Whole-Genome Sequencing Confirms Avian Model of Human Disease
For more than 60 years, developmental biologists have studied a naturally occurring avian mutant called talpid2 because of its interesting phenotypes, including cleft lip/palate, oral dysmorphologies and limb defects. However, the talpid2 has been of limited utility because researchers did not know what caused the mutation – until now.
The solution came from the lab of Samantha Brugmann, PhD, which cracked the genetic, molecular and cellular code on how and why the talpid2 mutation occurs. Their findings appeared in the August 2014 issue of Development.
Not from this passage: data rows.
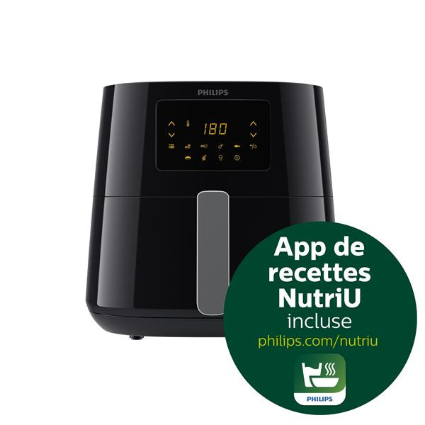 hd9270/96 - friteuse 6.2l 2000w noir - Friteuse Airfryer Essential Philips HD9270.96. Les frites les plus savoureuses avec jusqu'à 90% de matières grasses en moins ! (comparé à des frites fraîches cuites dans une friteuse Philips standard). Airfryer : une technologie qui se perfectionne depuis plus de 10 ans. Technologie brevetée Rapid Air permettant d'utiliser de l'air chaud pour frire, cuire, griller, rôtir et réchauffer tous vos plats et snacks préférés. Des recettes personnalisées selon vos préférences et des plats maison, en toute simplicité.Téléchargez l?application NutriU, recevez des recommandations de recettes quotidiennes qui tiennent compte des préférences de votre famille. Les recettes de l'application sont choisies par des experts en nutrition. Plus vous utilisez NutriU, mieux l'application adaptera ses idées de recettes à vos besoins. Trouvez l'inspiration auprès d'autres cuisiniers et cuisinières, et suivez des personnes aux goûts proches des vôtres. Écran tactile avec 7 préréglages : appuyez sur un bouton pour cuisiner. Les programmes préréglés permettent de cuire des en-cas surgelés, des frites fraîches, de la viande, du poisson, des pilons de poulet, des gâteaux et même des légumes grillés. Sa conception exclusive en étoile fait circuler l'air chaud afin d'obtenir de délicieux aliments croustillants à l'extérieur et tendres à l'intérieur, le tout avec très peu d'huile ajoutée. Passez à table quand vous êtes prêt. Sélectionnez le mode de Maintien au chaud pour maintenir vos aliments à la température idéale jusqu'à 30 minutes. Poignée froide pour une prise en main facile du panier. Le panier QuickClean de l'Airfryer est doté d'un revêtement anti-adhésif facilitant le nettoyage. La friture à l'air vous épargne les odeurs de la friture traditionnelle dans la maison. Livrée avec une grille double niveau supplémentaire avec accessoire brochettes. - Type de produit : Friteuse électrique.Matériau du corps de l'appareil : Plastique.Puissance : 2000 W.Capacité frites : 1,2 Kg.Capacité huile : 6,2 L.Thermostat réglable : oui.Nombre de programmes : 7.Cuve amovible : oui.Parois froides : oui.Le + produit : Facile à utiliser et à nettoyer.Bouton marche/arrêt.Arrêt automatique.Signal Prêt-à-utiliser.Thermostat.Témoin lumineux.Affichage LED.Écran tactile. Réglage de la durée.Longueur du cordon : 0,8 m.Coloris : Noir.Largeur : 403 mm.Profondeur : 315 mm.Hauteur : 307 mm.Poids net : 5,55 Kg.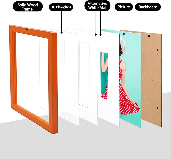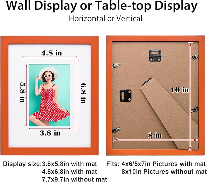 - ATTRATIVE DESIGN: The orange 8x10 picture frame with mat smooth wood grain lines can almost complement any decorative styles. The simple outlook combined with exquisite details, which is suitable for highlighting your valuable memorable times.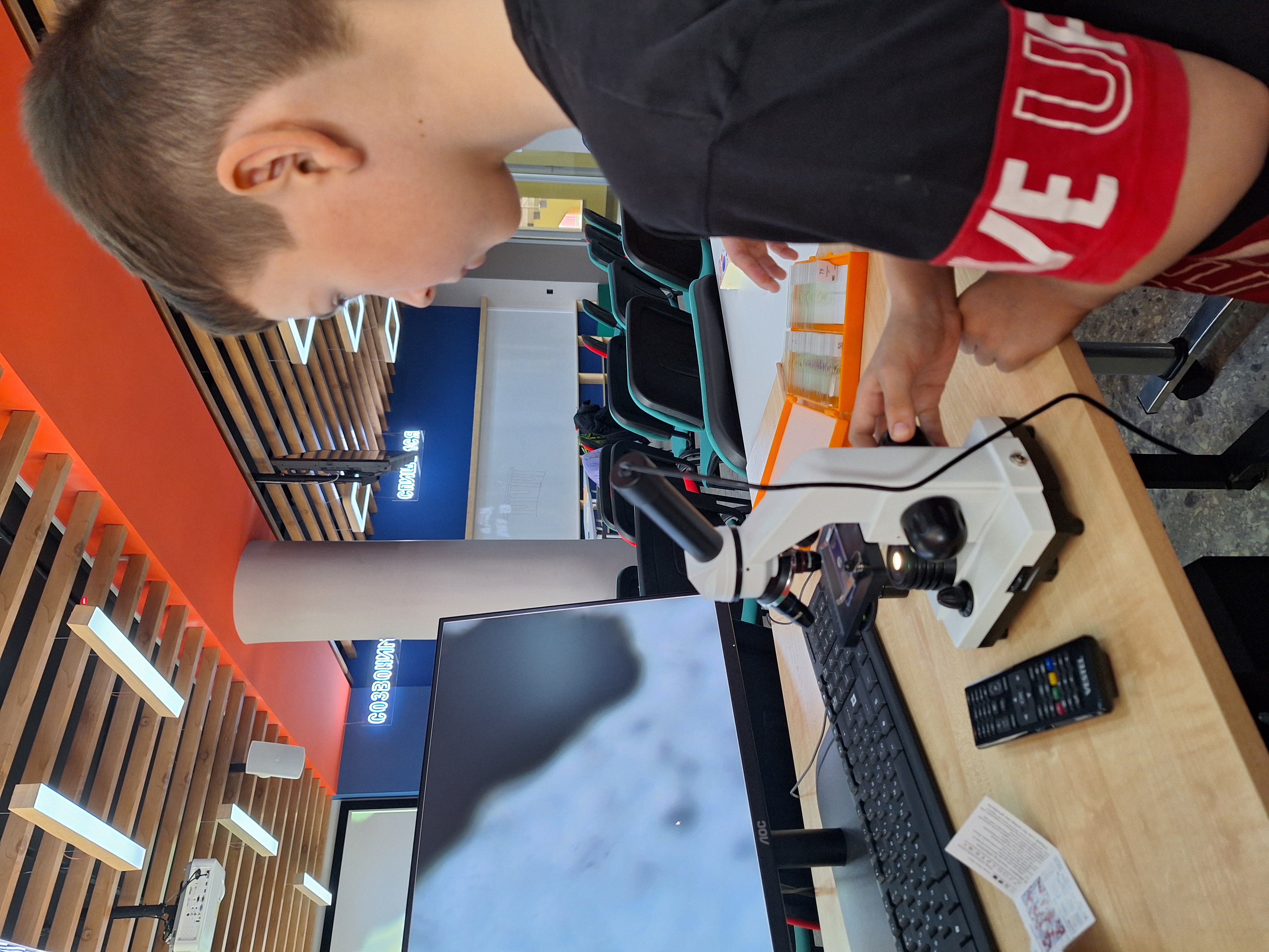 Изучая «Микромир», ребят познакомили с микроскопом, научили использовать его в работе и на практике показали, как работать с микропрепаратами.

Using whole-genome sequencing, a group of researchers from Cincinnati Children’s and four other universities traced the talpid2 mutation to a ciliary gene called C2CD3, which causes a significant reduction in the number of cells that extend a primary cilium. The team also identified molecular disruptions that occur in the Hedgehog (Hh) signaling pathway, leading to the facial and limb abnormalities associated with talpid2.
“Recently, the study of primary cilia has exploded because of the identification of a large class of human diseases called ciliopathies,” Brugmann says. “Now that we know what gene causes this defect in chickens – as well as the molecular and cellular pathway that is involved — we have an avian model for human disease.”
An accompanying Development editorial, titled “talpid2: A Mystery Finally Solved,” states: “Identification of the talpid2 locus has been long awaited, and although there is still much to understand about how C2CD3 regulates cilia formation and function, and SHH signaling, these data provide an important step in this direction.”
This prediction has come to fruition as the group, in a subsequent publication (Schock et al., 2015 in Disease Models & Mechanisms), has shown that talpid2 is a bona fide model for the human ciliopathy called oral-facial-digital syndrome.